Patrice Lumumba : à Bruxelles, une place contre l’oubli
Réclamé depuis des années par les communautés congolaise et africaine, le conseil communal de la Ville de Bruxelles a approuvé le 23 avril, à l’unanimité, la décision d’un espace public Patrice-Lumumba. Une statue à la mémoire de l’ancien Premier ministre du Congo sera édifiée square du Bastion, aux portes du quartier Matonge, le quartier de la communauté congolaise de la capitale. Démocratiquement élu au moment de l’indépendance, celui-ci avait défié les autorités belges dans un discours anticolonialiste devenu célèbre en 1960, avant d’être assassiné six mois plus tard, le 17 janvier 1961, avec la complicité de responsables belges.

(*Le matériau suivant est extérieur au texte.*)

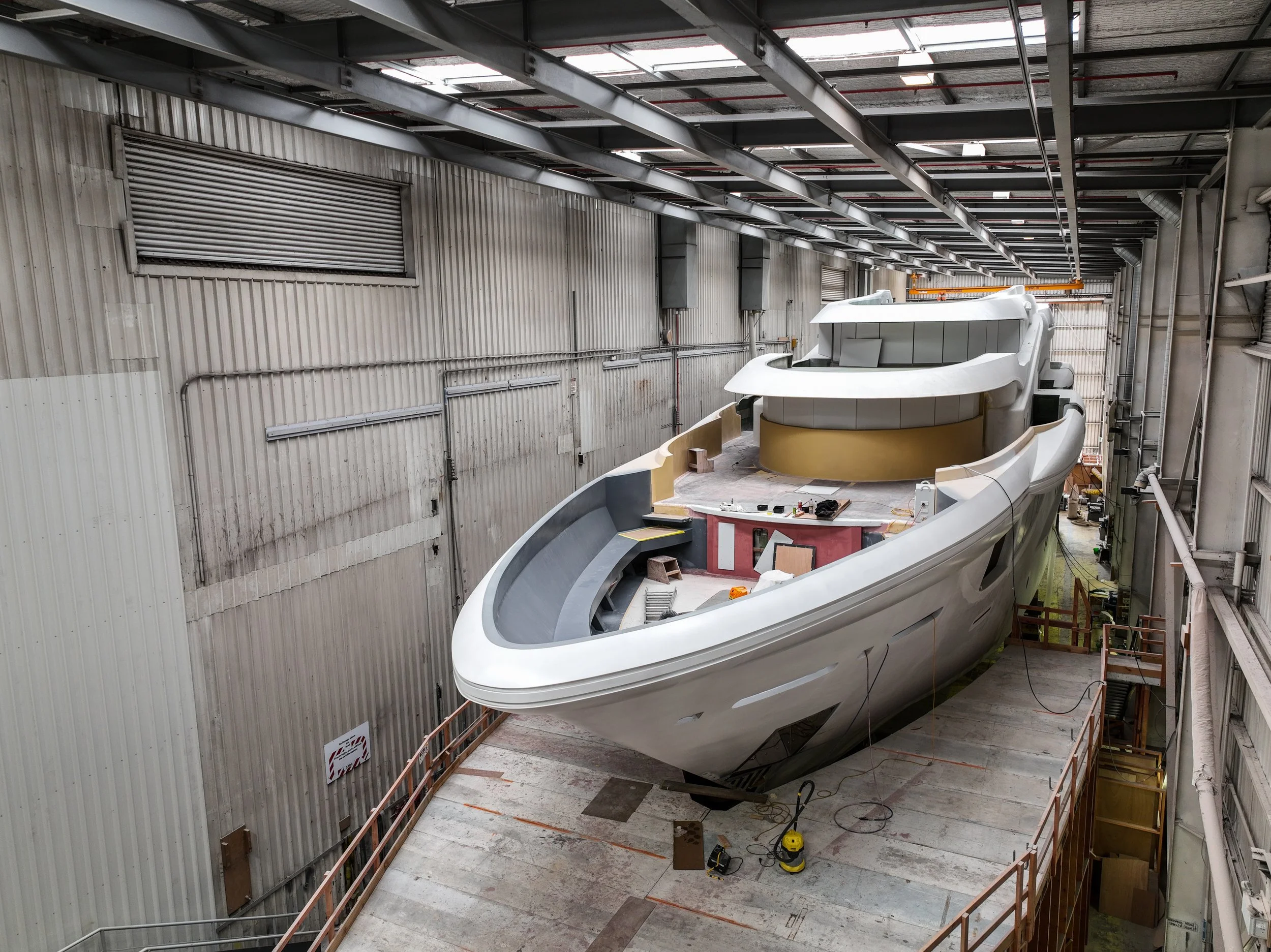 It’s not every day you come across a half built super yacht on the salvage list of a demolition site. In 2017 that’s exactly what happened. The West Auckland based company “Sensation Yachts” fell into receivership 8 years prior to our 2017 introduction to the project. 3 half built Super Yachts were left abandoned ever since. Two of the Yachts weren’t as far along in their build and reluctantly had to be demolished. The clear jewel amongst the ruin, SY32 was too incredible to let go to waste. Ward took a sizable risk and paid for its relocation and storage into the neighbouring shed, so the sites demolition could commence.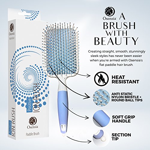 - •A BRUSH WITH BEAUTY – Creating straight, smooth, stunningly sleek styles has never been easier when you’re armed with Osensia’s flat paddle hair brush. Heat resistant, antistatic nylon bristles glide through all hair types, while round ball tips gently massage your scalp. But that’s not all! The ergonomic, soft grip handle fits comfortably in your hand, and the section pin tip gives you even more drying and styling versatility!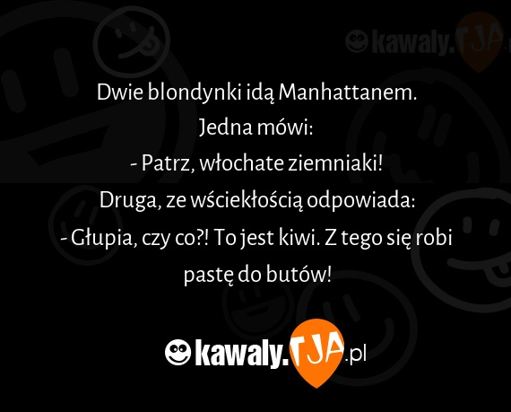Dwie blondynki idą Manhattanem. Jedna mówi: - Patrz, włochate ziemniaki! Druga, ze wściekłością odpowiada: - Głupia, czy co?! To jest kiwi. Z tego się robi pastę do butów!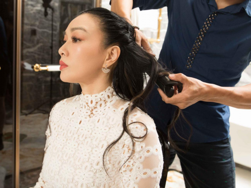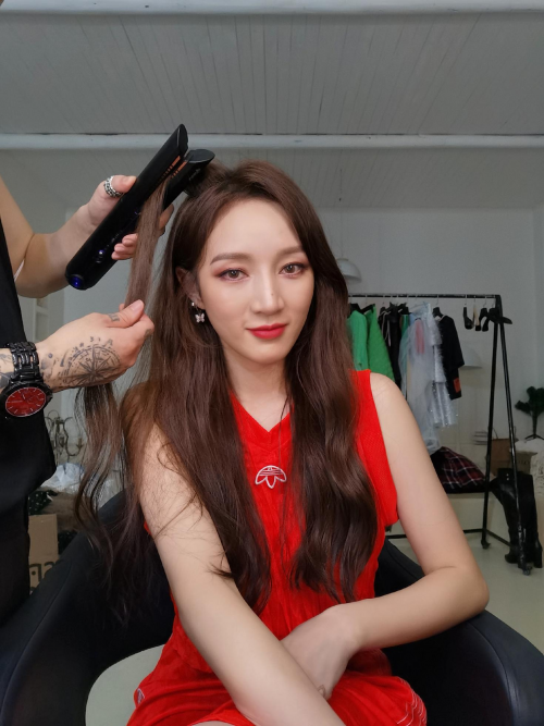 孟佳则呈现出标准女团舞台,拉高实力线,在举手投足间确认无限魅力。使用造型工具正反交替卷发,就能打造出孟佳柔软丰盈的波浪卷发。着重对发顶部分,尤其是发根处进行的提拉造型,不仅完美提升颅顶弧度,增加头发的蓬松感,更添精致魅力。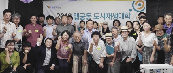 【뉴스라이트】 수원시지속가능도시재단은 7일 행궁동 도시재생현장지원센터에서 ‘2018 행궁동 도시재생대학 기본과정’을 마무리하며 수료식을 열었다.
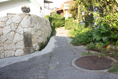 壺屋通りの中のすーじ道途中にある石敢當
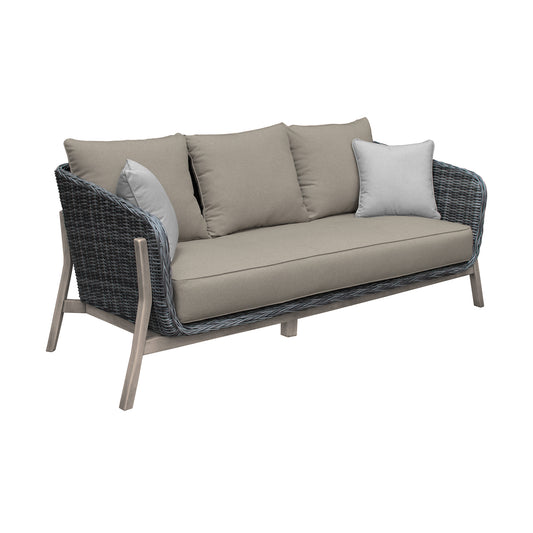 Portals Outdoor 4 Piece Sofa set in Matte Sand Finish with Natural Teak Wood

Quelques minutes avant ce vote historique, Zoubida Jellab, conseillère communale pour le groupe Ecolo-Groen, se lance dans un discours juste et nécessaire : « C’est un acte historique que nous allons poser aujourd’hui ensemble en baptisant un espace public dédié à la mémoire de Patrice Emery Lumumba, héros national du Congo et donc une référence à notre histoire commune. Nos pensées vont d’abord à lui, assassiné dans d’horribles conditions, à sa famille, ses proches, le peuple congolais, les afro-descendants et tous les peuples colonisés et opprimés. » Mais, ce geste de reconnaissance tardive ne suffit pas. Elle poursuit : « Nous saluons le projet d’une statue ou pourquoi pas un portail mémoriel mais il faudra également (…) une plaque commémorative en mémoire de toutes les victimes de nos exactions et crimes au Burundi, Rwanda et évidemment Congo. » Le sénateur et vice-président du Parlement bruxellois Bertin Mampaka reconnaît qu’« on ne peut effacer la colonisation belge du Congo d’un trait de crayon ou d’une volonté journalistique, il faut que nos enfants, que les Belges connaissent leur histoire. Lumumba fait partie de cette grande histoire ».

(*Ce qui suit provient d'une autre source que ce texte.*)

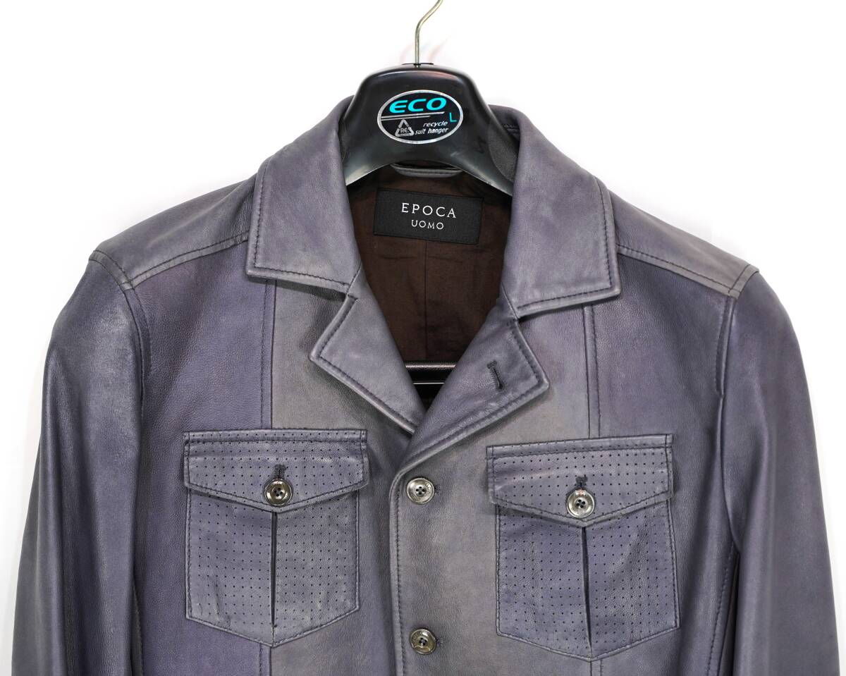 - 即決本物★エポカウォモ メンズ ラムレザー ジャケット 44 薄い紺 羊革 本切羽 エポカ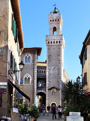 Le vie del centro storico partono dalla porta del Rivellino e arrivano, scendendo, fino alla Piazza Bovio: una splendida terrazza naturale sul mare posta di fronte all'Arcipelago Toscano. Accanto è situato il caratteristico porticciolo di Marina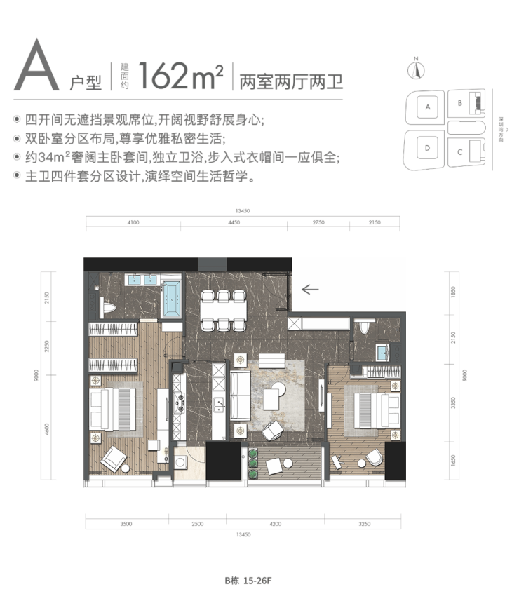 A户型:约162㎡2房2厅2卫:B栋15-26F(中区),东朝向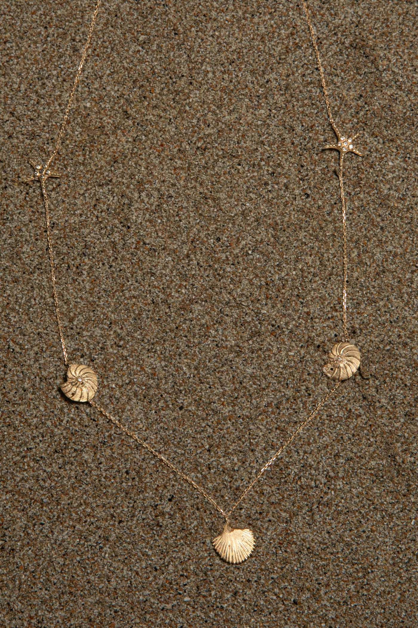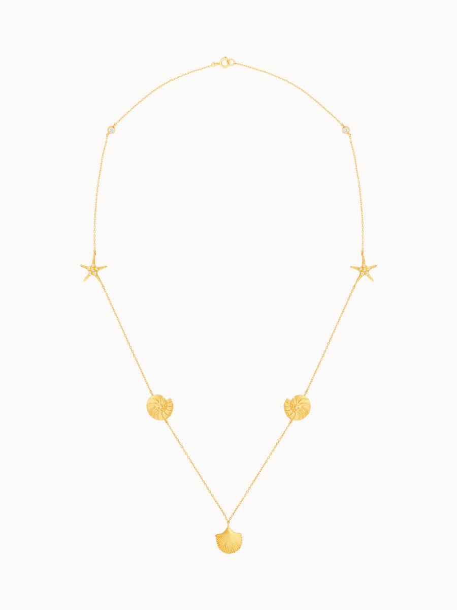 O Colar Al Mar Trio, em ouro 18k com diamantes, reúne a estrela do mar, a concha e o caracol em um design autoral que traduz a beleza e a riqueza do Mediterrâneo; um tesouro para acompanhar você em qualquer lugar.

Pour Bertin Mampaka, qui avait insisté oralement devant le conseil pour que le vote aille dans ce sens, l’approbation à l’unanimité est « un grand soulagement ». Zoubida Jellab nous confie : « C’est probablement le plus beau moment de ma carrière de conseillère communale. Un grand moment d’émotion partagé avec l’ensemble du conseil communal, conscient du désarroi et du désespoir de la communauté africaine. C’était un devoir d’y répondre et c’est une responsabilité universelle. » Ce n’était pourtant pas gagné d’avance. En 2013, un vote du conseil communal (majorité libéraux/PS) d’Ixelles (une des 19 communes de Bruxelles, où se situe le quartier Matongé) avait rejeté la requête, prétextant que Lumumba n’était pas un personnage assez fédérateur. Cette fois c’est la commune de Bruxelles-centre qui a pris les choses en main et a voté à l’unanimité, quelque peu poussée par les nombreuses mobilisations pour cet acte de reconnaissance.

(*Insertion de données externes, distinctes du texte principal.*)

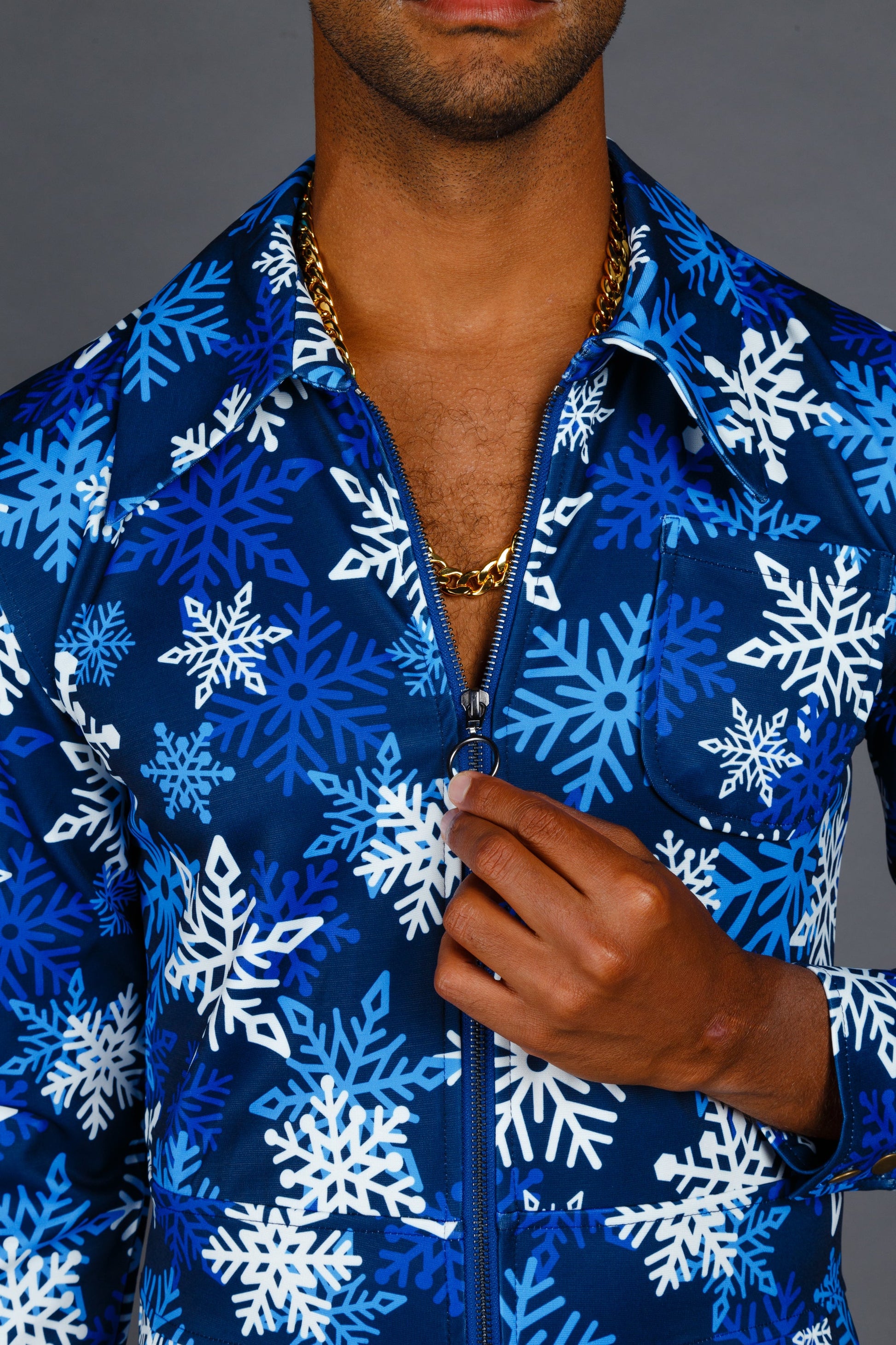 Christmas flight suits are not for cowards. They are not for the weak or the boring. A flight suit is for those with Big Zip Energy, and that's where the list of qualified recipients abruptly ends. When your massive zip is on full display, your BZE claims will never be doubted, and with a classic snowflake print, neither will your holiday spirit.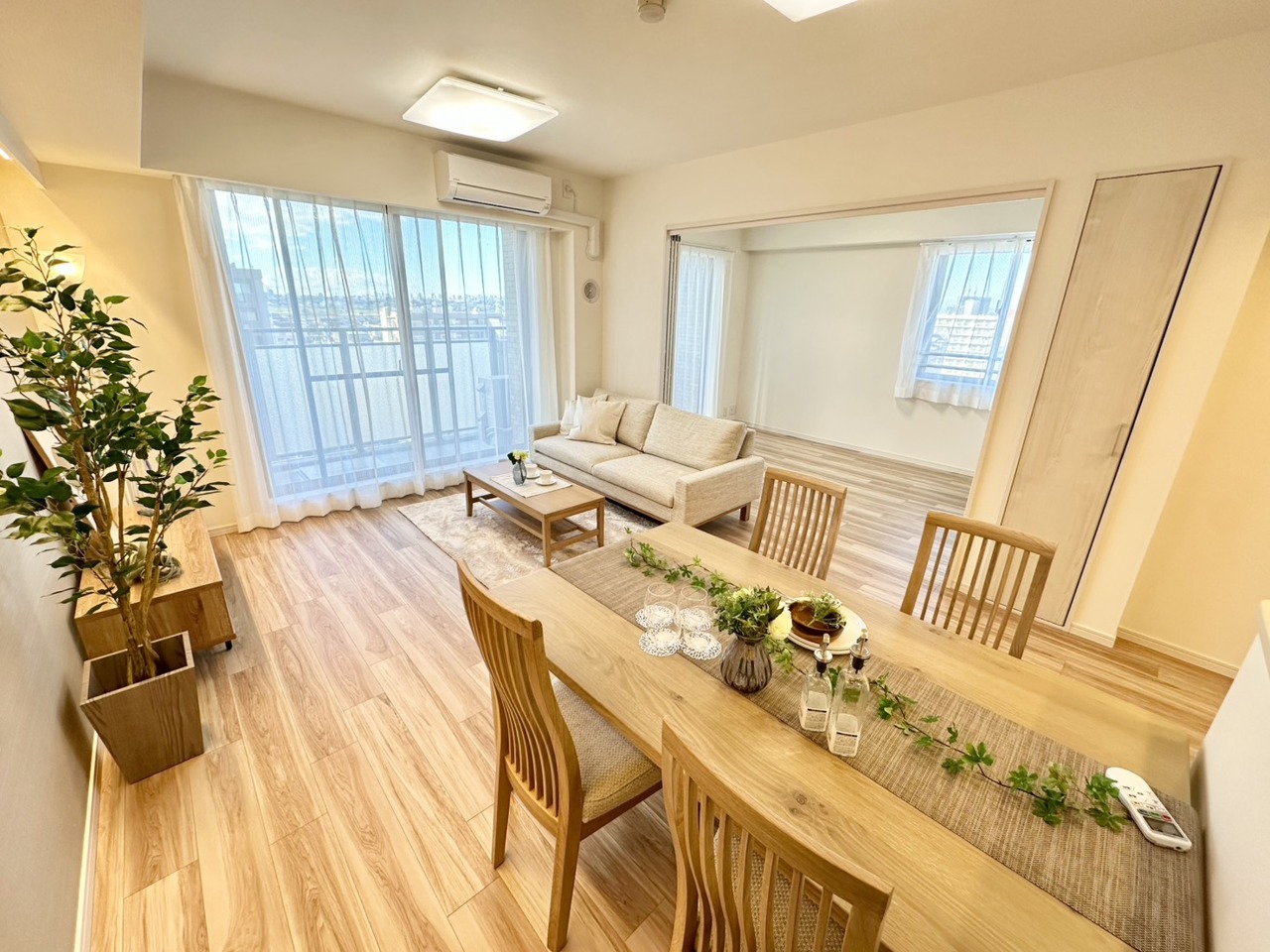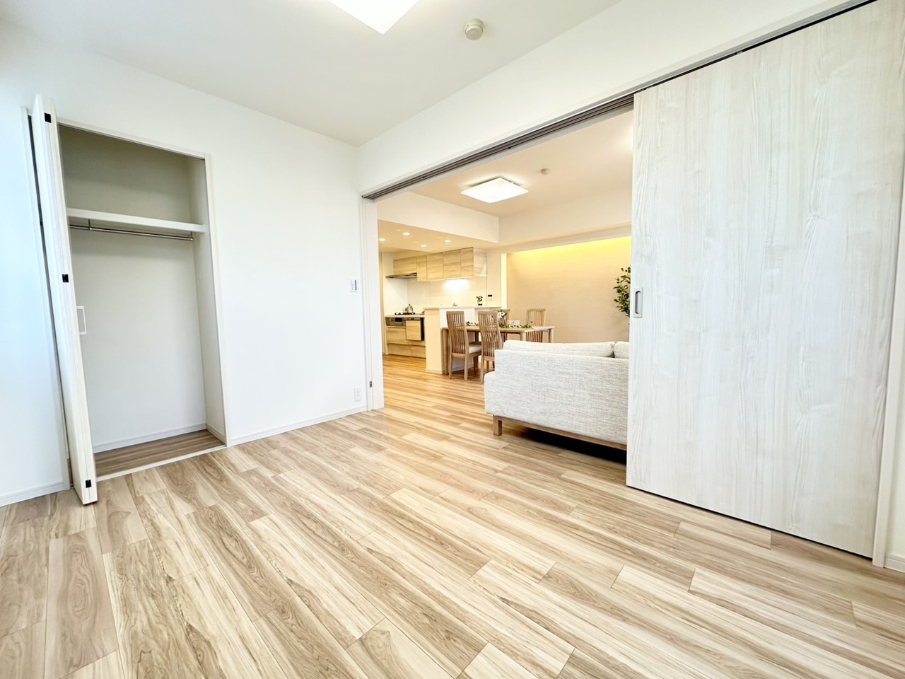 リビングと続間の洋室は戸を開放する事で一体で広くお使い頂けます! もちろん居室や客間としても使えますので、使い方はあなた次第っ!!

Reconnaître les crimes coloniaux et le tort fait aux populations est un pas démocratique essentiel et une marque de respect vis-à-vis des peuples colonisés. En 2008, le CADTM prenait part au collectif Mémoires coloniales, constitué à l’occasion du centenaire de la reprise par la Belgique du Congo de Léopold II, pour réclamer des excuses et des réparations de l’État belge au peuple congolais. Ces réparations devront tenir compte des souffrances physiques des Congolais pendant l’ère coloniale (sous le règne de Léopold II et l’administration coloniale de l’État belge jusqu’en 1960) et de la fortune accumulée par la famille royale et l’État belge du fait de l’exploitation forcée des populations et des ressources naturelles du Congo.